This Technical University of Berlin Lecture was addressed to IP Management students and explains the world of standard essential patents as to the following agenda:

  • What is a standard essential patent?
  • A company’s SEP prosecution and filing practices
  • Important connectivity standards and Trends on Standards subject to SEPs
  • SEP Licensing and Patent Pools
  • Famous industry anecdotes from the world of SEPs
  • The future of SEPs and what you need to know now!

Lecture Introduction

Technology standards (e.g. 4G/5G, Wi-Fi, Bluetooth, RFID, NFC, NB-IoT, HEVC, VVC, Qi standard and many more) are fundamental for communication between connected devices. Standards specify a common language so that different technologies or technology components can communicate and interact with each other. As technology becomes more complex SEPs (Standard Essential Patents) will increasingly be integrated into new systems that enable communication between different technologies.
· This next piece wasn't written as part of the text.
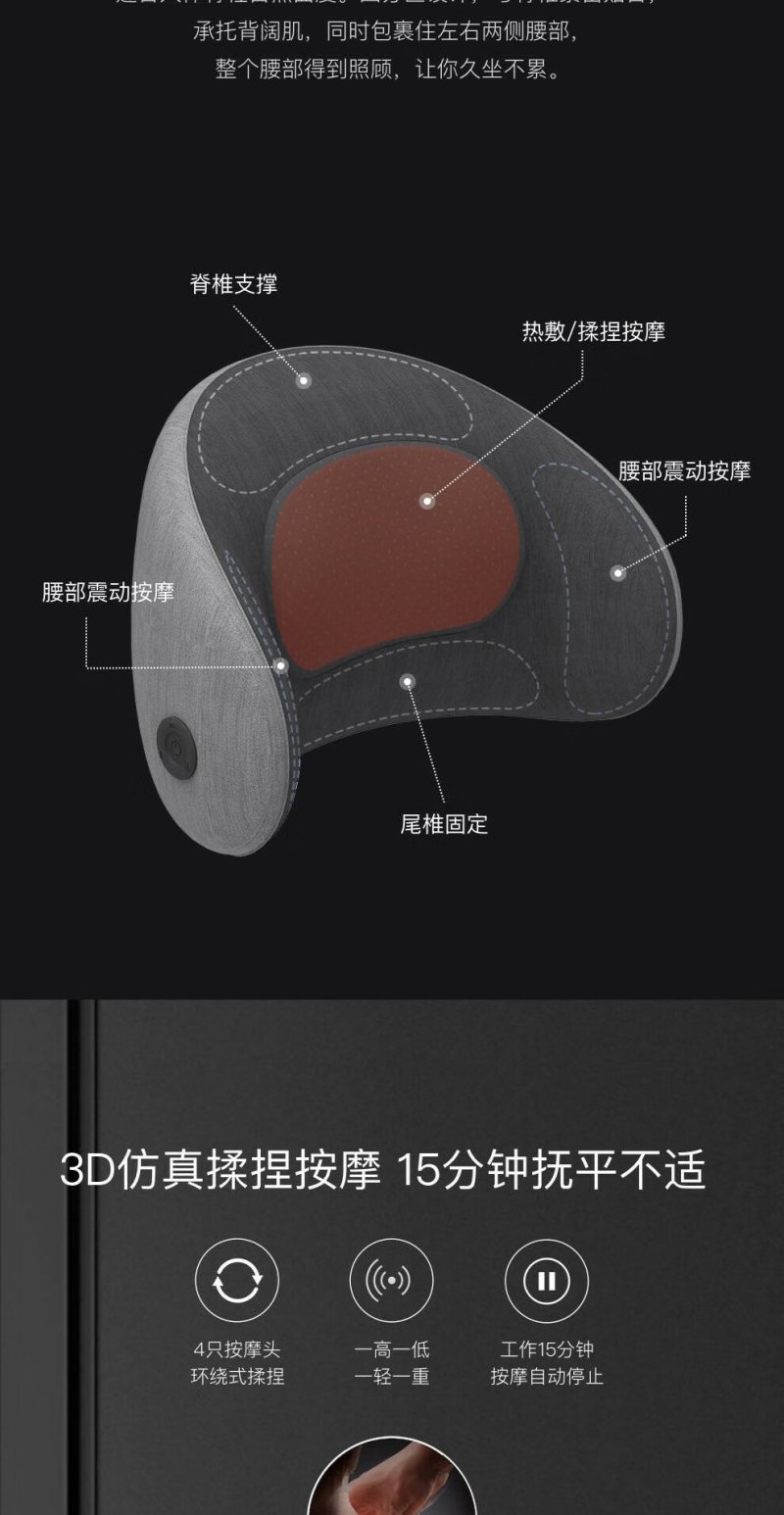 三和松石(shss) 按摩靠垫颈部背部腰部 V40 灰色

Patents are intended to provide incentives for investment in research and development. Standards serve as a common platform so that technological innovations can function together. Patenting and standardization thus promote innovation jointly, but in very different ways. Standardized technologies are to be adapted worldwide so that innovative solutions work together on a common standardized platform. Patents, on the other hand, grant the holder of the intellectual property right a temporary monopoly on a technology in order to exclude third parties from its use. While standards aim at broad application, patents prevent the use of the technology by anyone but the patent owner. Standardization organizations and antitrust authorities have solved the problem as follows: In the view of antitrust law, the licensing of a patent where the claims are essential to a standard is considered to be its own isolated market. Since a patented standardized technology cannot be used without infringement of the patent, the patent holder holds a monopoly position for this technology. If a company participates in the standards development of a technology, it must commit to license these patents. To prevent the patent holder from demanding monopoly prices, however, licensing is subject to so-called FRAND (Fair, Reasonable and Nondiscriminatory) conditions.